___ Data excerpts ___
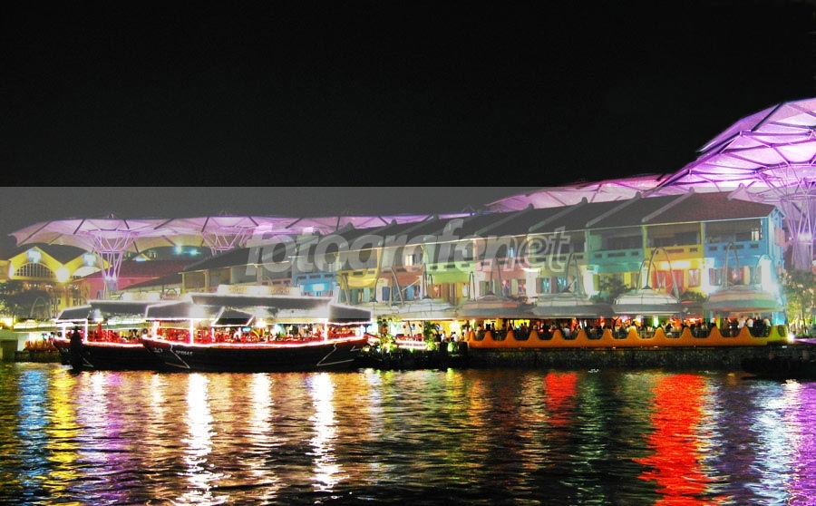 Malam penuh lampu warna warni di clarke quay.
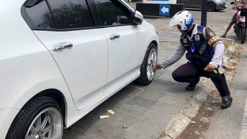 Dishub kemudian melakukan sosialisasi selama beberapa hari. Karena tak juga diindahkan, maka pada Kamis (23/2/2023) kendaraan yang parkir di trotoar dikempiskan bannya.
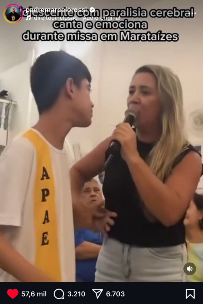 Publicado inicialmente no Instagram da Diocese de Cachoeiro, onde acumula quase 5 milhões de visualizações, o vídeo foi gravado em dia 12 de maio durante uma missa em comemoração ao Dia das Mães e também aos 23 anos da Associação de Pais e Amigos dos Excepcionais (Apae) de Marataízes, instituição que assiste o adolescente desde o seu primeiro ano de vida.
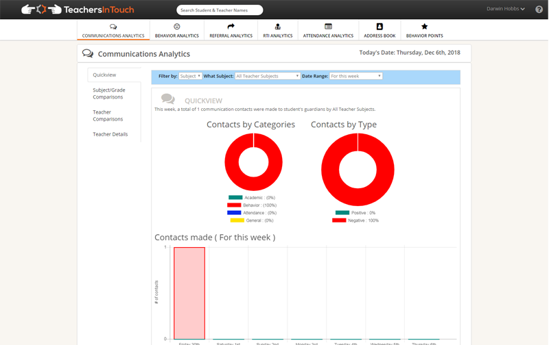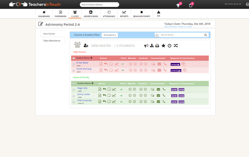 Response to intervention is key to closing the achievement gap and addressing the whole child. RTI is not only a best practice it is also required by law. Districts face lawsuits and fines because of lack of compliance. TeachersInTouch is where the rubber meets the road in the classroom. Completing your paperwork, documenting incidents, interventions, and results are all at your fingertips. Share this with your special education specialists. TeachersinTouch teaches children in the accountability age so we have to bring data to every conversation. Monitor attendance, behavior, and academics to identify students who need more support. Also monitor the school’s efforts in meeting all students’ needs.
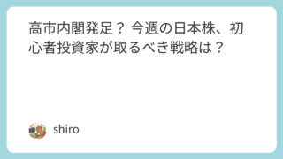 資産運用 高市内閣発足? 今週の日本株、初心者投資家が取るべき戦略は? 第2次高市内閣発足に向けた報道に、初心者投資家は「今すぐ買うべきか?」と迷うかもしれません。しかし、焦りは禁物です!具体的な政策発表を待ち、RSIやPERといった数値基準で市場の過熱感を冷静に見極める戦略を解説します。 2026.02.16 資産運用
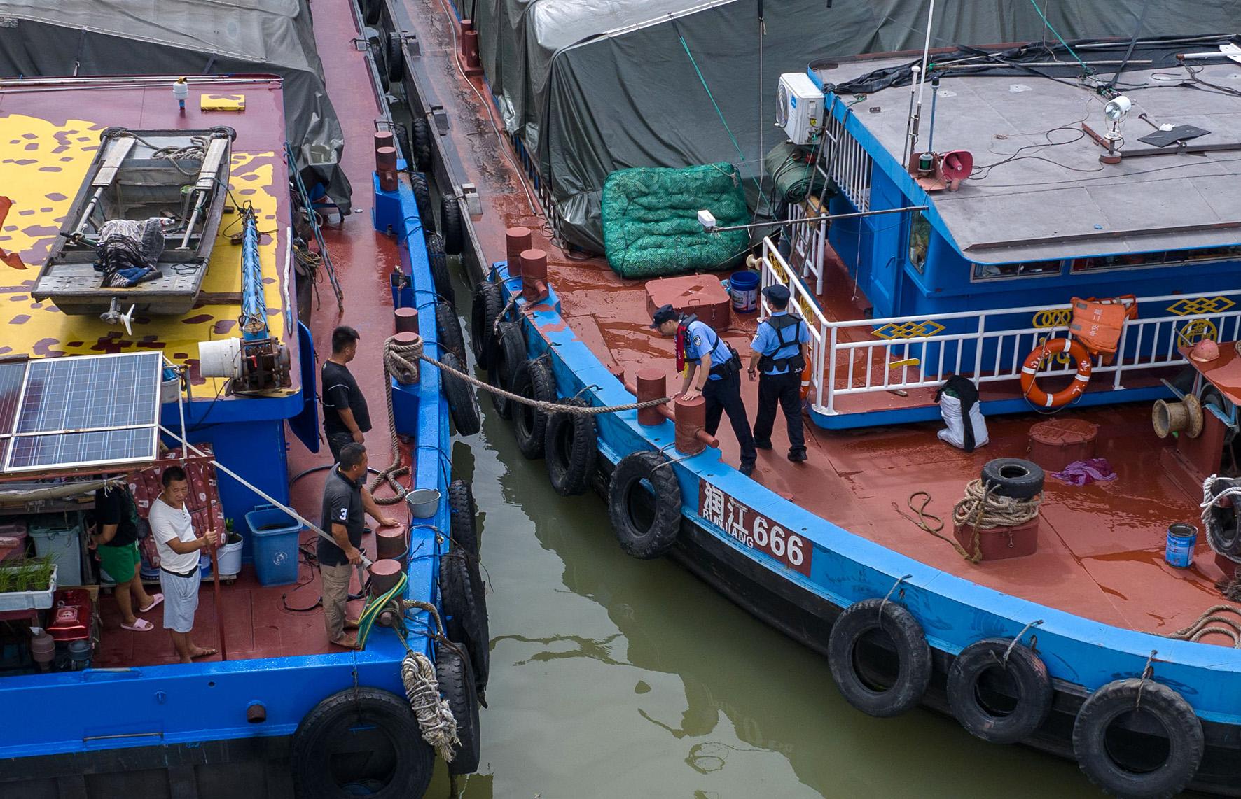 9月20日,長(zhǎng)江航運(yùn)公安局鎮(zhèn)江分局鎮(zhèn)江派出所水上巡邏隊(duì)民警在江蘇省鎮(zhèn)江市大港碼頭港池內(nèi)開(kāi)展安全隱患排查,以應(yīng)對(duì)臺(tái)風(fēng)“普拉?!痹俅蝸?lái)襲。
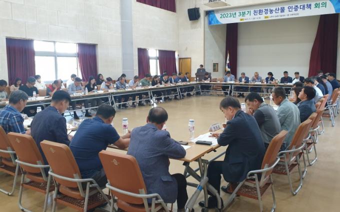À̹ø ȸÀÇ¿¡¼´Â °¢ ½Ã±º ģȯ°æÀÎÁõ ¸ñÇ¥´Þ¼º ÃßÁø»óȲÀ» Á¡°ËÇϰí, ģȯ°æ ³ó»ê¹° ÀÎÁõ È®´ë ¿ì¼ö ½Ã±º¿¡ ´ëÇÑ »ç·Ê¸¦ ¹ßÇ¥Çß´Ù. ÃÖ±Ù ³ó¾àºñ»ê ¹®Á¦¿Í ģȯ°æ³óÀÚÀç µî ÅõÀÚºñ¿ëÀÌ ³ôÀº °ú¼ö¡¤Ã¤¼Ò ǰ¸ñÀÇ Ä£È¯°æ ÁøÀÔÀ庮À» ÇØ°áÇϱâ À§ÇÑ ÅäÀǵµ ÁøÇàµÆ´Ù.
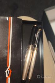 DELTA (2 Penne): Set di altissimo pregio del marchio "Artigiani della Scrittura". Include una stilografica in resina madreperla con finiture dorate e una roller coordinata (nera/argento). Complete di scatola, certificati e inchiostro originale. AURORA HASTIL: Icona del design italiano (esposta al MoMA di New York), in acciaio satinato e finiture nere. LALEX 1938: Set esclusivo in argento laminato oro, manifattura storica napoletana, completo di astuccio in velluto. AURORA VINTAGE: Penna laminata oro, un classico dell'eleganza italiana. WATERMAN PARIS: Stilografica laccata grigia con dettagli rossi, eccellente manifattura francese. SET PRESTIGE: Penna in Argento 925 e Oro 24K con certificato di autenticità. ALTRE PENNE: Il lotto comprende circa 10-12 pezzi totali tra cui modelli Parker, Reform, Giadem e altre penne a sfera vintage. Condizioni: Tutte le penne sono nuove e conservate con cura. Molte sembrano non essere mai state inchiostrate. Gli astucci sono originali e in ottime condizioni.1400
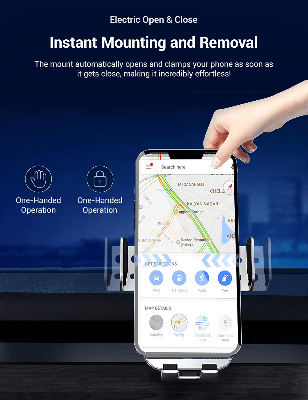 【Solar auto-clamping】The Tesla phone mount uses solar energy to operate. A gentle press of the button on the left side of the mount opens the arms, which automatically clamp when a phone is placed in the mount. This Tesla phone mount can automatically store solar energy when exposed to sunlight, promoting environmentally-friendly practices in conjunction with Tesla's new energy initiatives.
___
___ Data excerpts ___
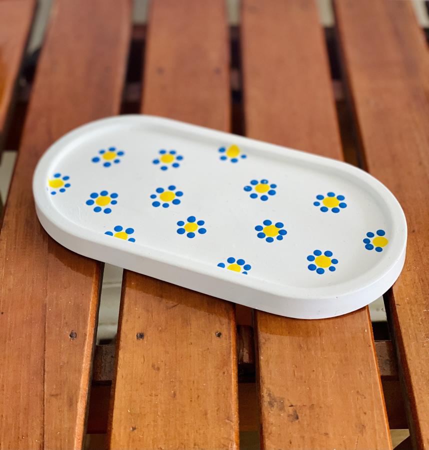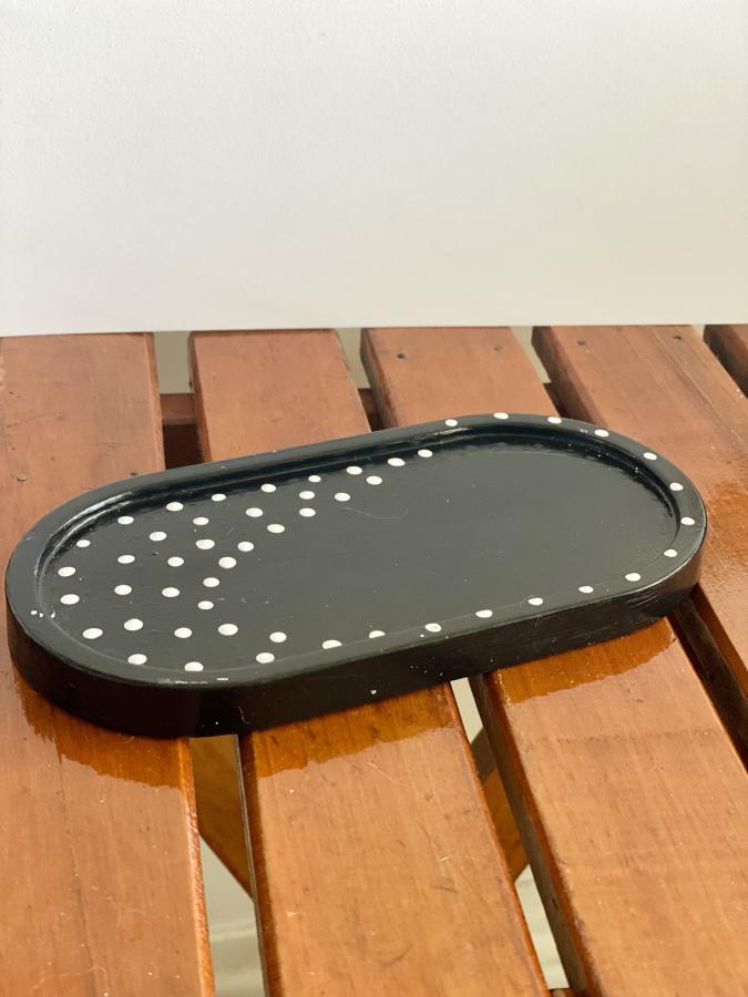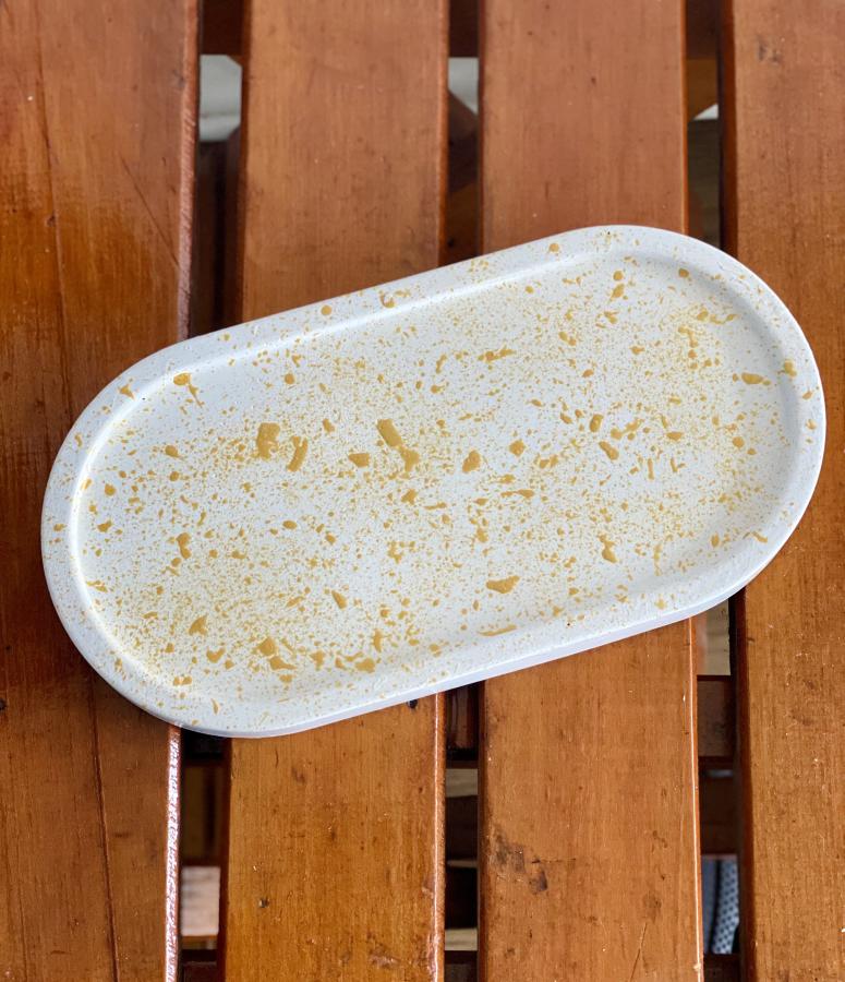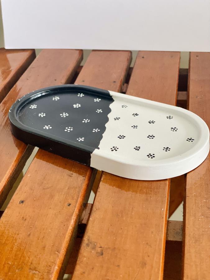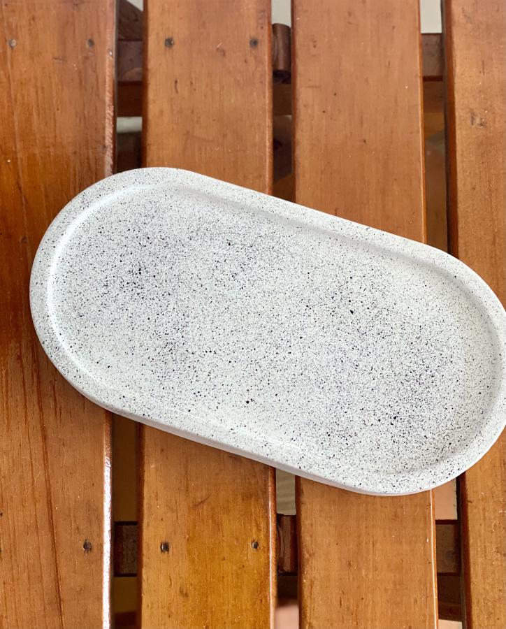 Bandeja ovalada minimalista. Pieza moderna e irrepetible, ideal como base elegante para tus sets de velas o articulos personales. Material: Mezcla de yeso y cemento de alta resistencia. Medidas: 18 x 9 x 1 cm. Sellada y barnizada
___
Make an exact copy of the lines above, beginning with the line with "資産運用 高市内閣発足? 今週の日本株、初心者投資家が取るべき戦略は?" and ending with the line with "À̹ø ȸÀÇ¿¡¼´Â °¢", and keep the pictures out of it.

 資産運用 高市内閣発足? 今週の日本株、初心者投資家が取るべき戦略は? 第2次高市内閣発足に向けた報道に、初心者投資家は「今すぐ買うべきか?」と迷うかもしれません。しかし、焦りは禁物です!具体的な政策発表を待ち、RSIやPERといった数値基準で市場の過熱感を冷静に見極める戦略を解説します。 2026.02.16 資産運用
 9月20日,長(zhǎng)江航運(yùn)公安局鎮(zhèn)江分局鎮(zhèn)江派出所水上巡邏隊(duì)民警在江蘇省鎮(zhèn)江市大港碼頭港池內(nèi)開(kāi)展安全隱患排查,以應(yīng)對(duì)臺(tái)風(fēng)“普拉?!痹俅蝸?lái)襲。
À̹ø ȸÀÇ¿¡¼´Â °¢ ½Ã±º ģȯ°æÀÎÁõ ¸ñÇ¥´Þ¼º ÃßÁø»óȲÀ» Á¡°ËÇϰí, ģȯ°æ ³ó»ê¹° ÀÎÁõ È®´ë ¿ì¼ö ½Ã±º¿¡ ´ëÇÑ »ç·Ê¸¦ ¹ßÇ¥Çß´Ù. ÃÖ±Ù ³ó¾àºñ»ê ¹®Á¦¿Í ģȯ°æ³óÀÚÀç µî ÅõÀÚºñ¿ëÀÌ ³ôÀº °ú¼ö¡¤Ã¤¼Ò ǰ¸ñÀÇ Ä£È¯°æ ÁøÀÔÀ庮À» ÇØ°áÇϱâ À§ÇÑ ÅäÀǵµ ÁøÇàµÆ´Ù.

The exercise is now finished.